Tenho uma pessoa querida que está passando pela mesma aflição de ter que afastar-se da leitura. A escuridão cresce e mistura-se às letras negras impressas no papel. E, junto a estas letras que desaparecem, some aquele sentimento de participação e testemunho das proezas de personagens maravilhosos, como os inúmeros contidos nas mil e uma histórias de Cheherazade. A sensação de vazio neste momento é como a de um diabético que é proibido de ingerir açúcar, ou de um velocista que não pode mais correr.

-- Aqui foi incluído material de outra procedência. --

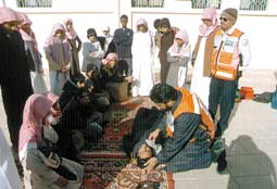 كما قدم الهلال الأحمر سيارة إسعاف لتدريب الطلبة على الإسعافات الأولية بإشراف من مدير الهلال الأحمر خالد شلال السويلم والمسعف عبدالله المقحم.
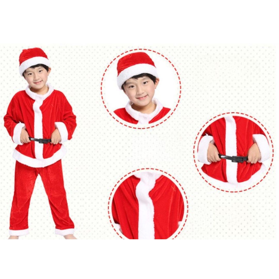 サンタクロース 衣装4点 150サイズ 子供用男の子 クリスマス スーツ サンタ コスプレセット コスチューム 着ぐるみ 帽子 ベルト 上着ズボン
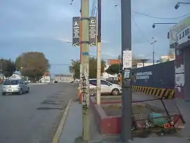 Se accede al plataforma mediante una rampa. La parada incluye carteles informativos sobre el servicio y la combinaciones posibles. La parada no está cubierta, cuenta con asientos de hormigón y posee rampas para facilitar la subida. Es una de las estaciones con más aglomeración de gente debido a la gran cantidad de ramales que circulan y por estar en pleno centro de la ciudad.
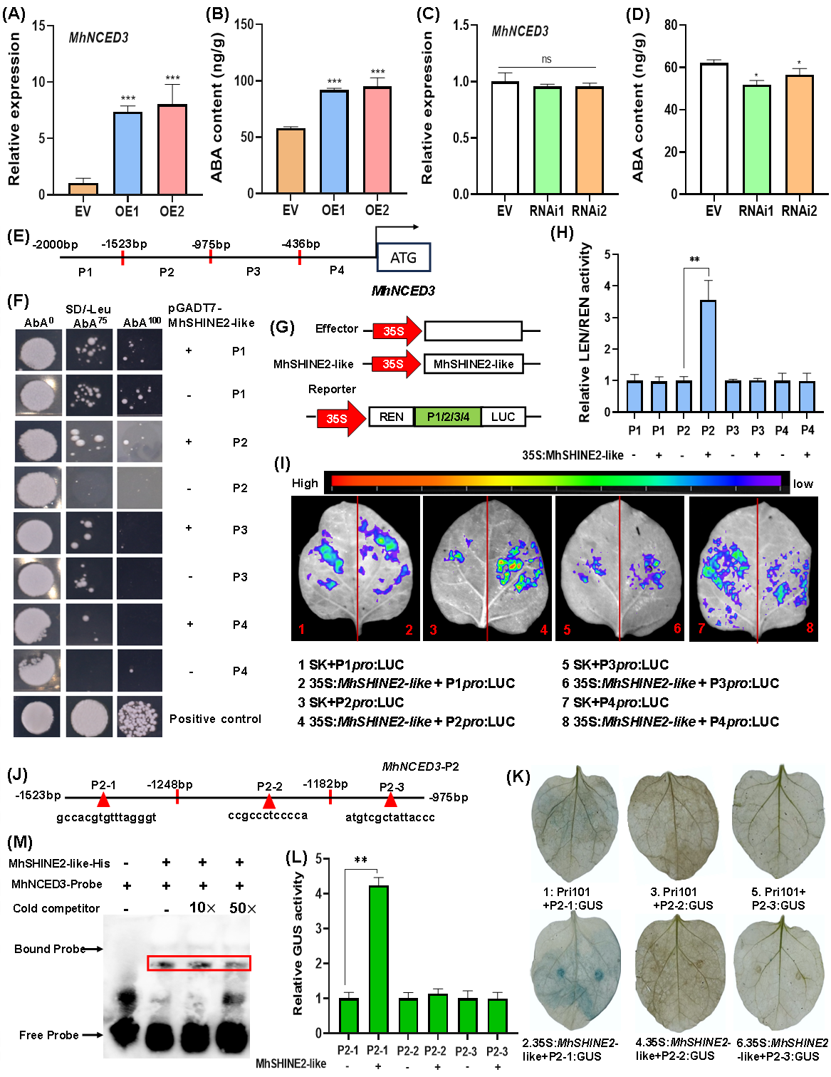 Figure 1.MhSHINE2-like binds totheMhNCED3promoterto activateitstranscription.

Sei que isso poderá acontecer comigo. A genética é infalível, assim como a consciência de sua comprovação. O tempo persegue o seu objetivo, que trata-se de encaminhar-nos aos nossos destinos. A partir do momento que o meu poderá tratar-se da privação da leitura, procuro seguir o exemplo deste grande autor.

Borges, para proteger-se de sua sina, procurou absorver a maior quantidade de estudos que pôde por toda a vida. Por fim, tornou-se algo similar ao aleph que descreveu num de seus contos. Era capaz de conter, num único ponto — que seria ele próprio — a amostragem de toda a diversidade de acontecimentos, sabedoria, paisagens e personagens existentes no Universo. E é por isso mesmo que o vejo caminhar por seu jardim de veredas que bifurcam, craquear folhas e relembrar cada lombada dos livros que mascaravam galáxias diversas, comprimidas em singelos volumes.


*texto publicado em 2005 pela Revista Paradoxos, da Universidade Mackenzie, e posteriormente em diversos sites.